To use BenchCLAMP, please follow README_BenchCLAMP.md.

Contributing

This project welcomes contributions and suggestions. Most contributions require you to agree to a Contributor License Agreement (CLA) declaring that you have the right to, and actually do, grant us the rights to use your contribution. For details, visit https://cla.opensource.microsoft.com.

When you submit a pull request, a CLA bot will automatically determine whether you need to provide a CLA and decorate the PR appropriately (e.g., status check, comment). Simply follow the instructions provided by the bot. You will only need to do this once across all repos using our CLA.

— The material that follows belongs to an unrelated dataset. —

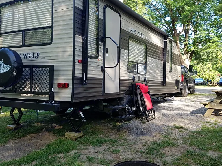 2017 Forest River Grey Wolf 25RL is the perfect unit for a young couple or empty nesters looking to enjoy a quiet, relaxing time away from home. It's small, yet cozy, with a large picture window in the rear of the camper over the sofa. This is great if camping somewhere with a great view that you can back the camper up to. This travel trailer can sleep up to 6, though it would be very crowded. The camper is most comfortable with 2 adults, though a 3rd adult or a couple of children would also be comfortable in this camper. Anything more than that becomes crowded. It has a queen sized bed with an upgraded memory foam mattress and pillow top cover, a jack-knife sofa, and a dinette that turns into a sleeper. It has a spacious bathroom with a shower and large linen closet. Both the living room and bedroom are equipped with flat screen TVs. There is a built in DVD player with surround sound, that also works as a radio or CD player. There are external speakers as well.This is a light weight camper making it towable with a half ton truck, V6 truck. Though we do require that the towing vehicle has a minimum towing capacity of 7600, so be sure to check this before reserving. The vehicle is also equipped with a rearview camera (use of the monitor is included in the deposit) and a fold down cargo rack with a 200 lb capacity.Included with rental: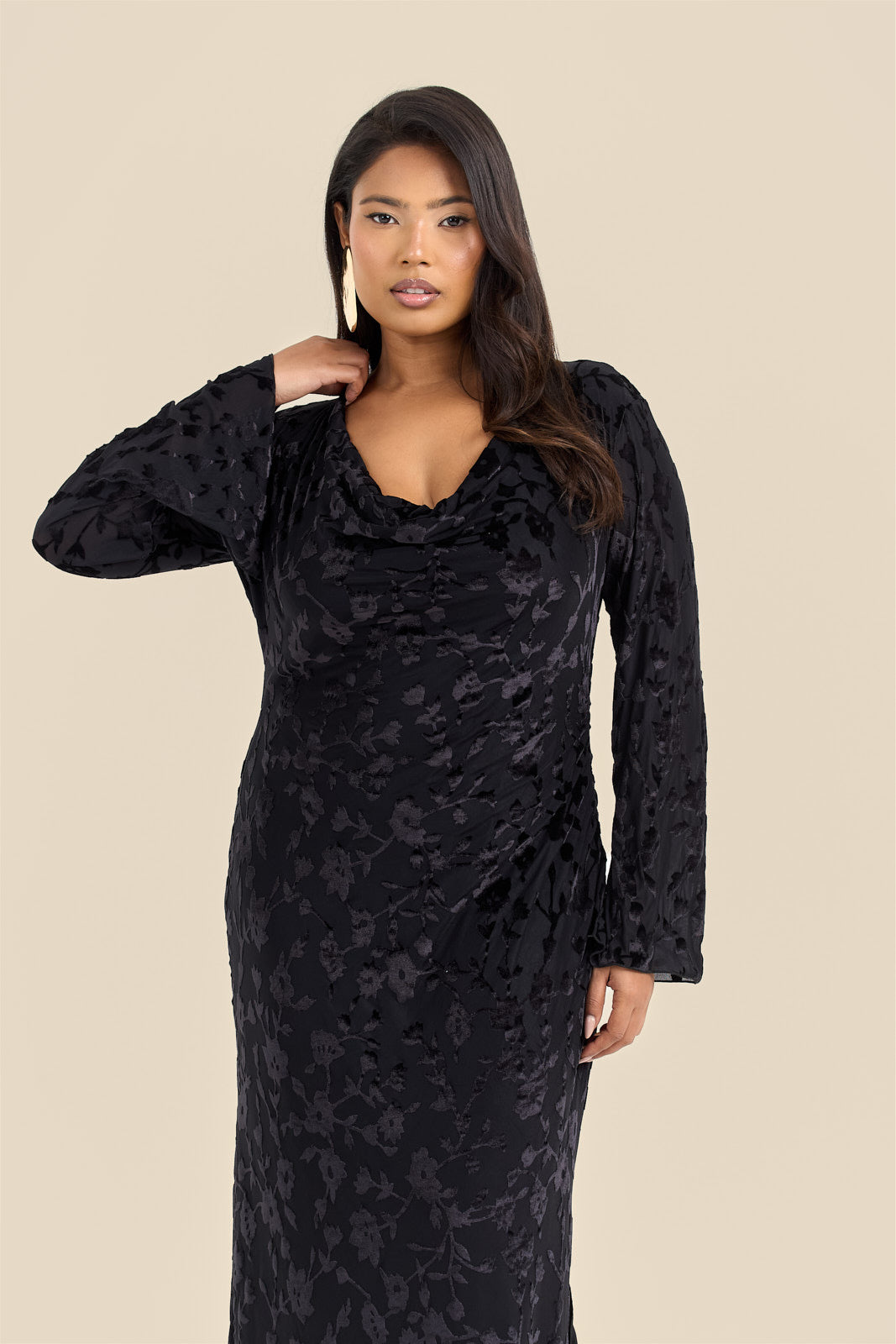 Indulge in pure elegance. This plus size black velvet devore cowl neck maxi dress is the definition of luxe dressing with its burnout floral pattern across sumptuous velvet fabric. The devore technique creates a beautiful contrast between sheer and opaque, whilst the elegant cowl neckline drapes perfectly across your shoulders. The flowing maxi length with long sleeves gives you full coverage that feels graceful and sophisticated.

This project has adopted the Microsoft Open Source Code of Conduct. For more information see the Code of Conduct FAQ or contact opencode@microsoft.com with any additional questions or comments.

Trademarks

This project may contain trademarks or logos for projects, products, or services. Authorized use of Microsoft trademarks or logos is subject to and must follow Microsoft's Trademark & Brand Guidelines. Use of Microsoft trademarks or logos in modified versions of this project must not cause confusion or imply Microsoft sponsorship. Any use of third-party trademarks or logos are subject to those third-party's policies.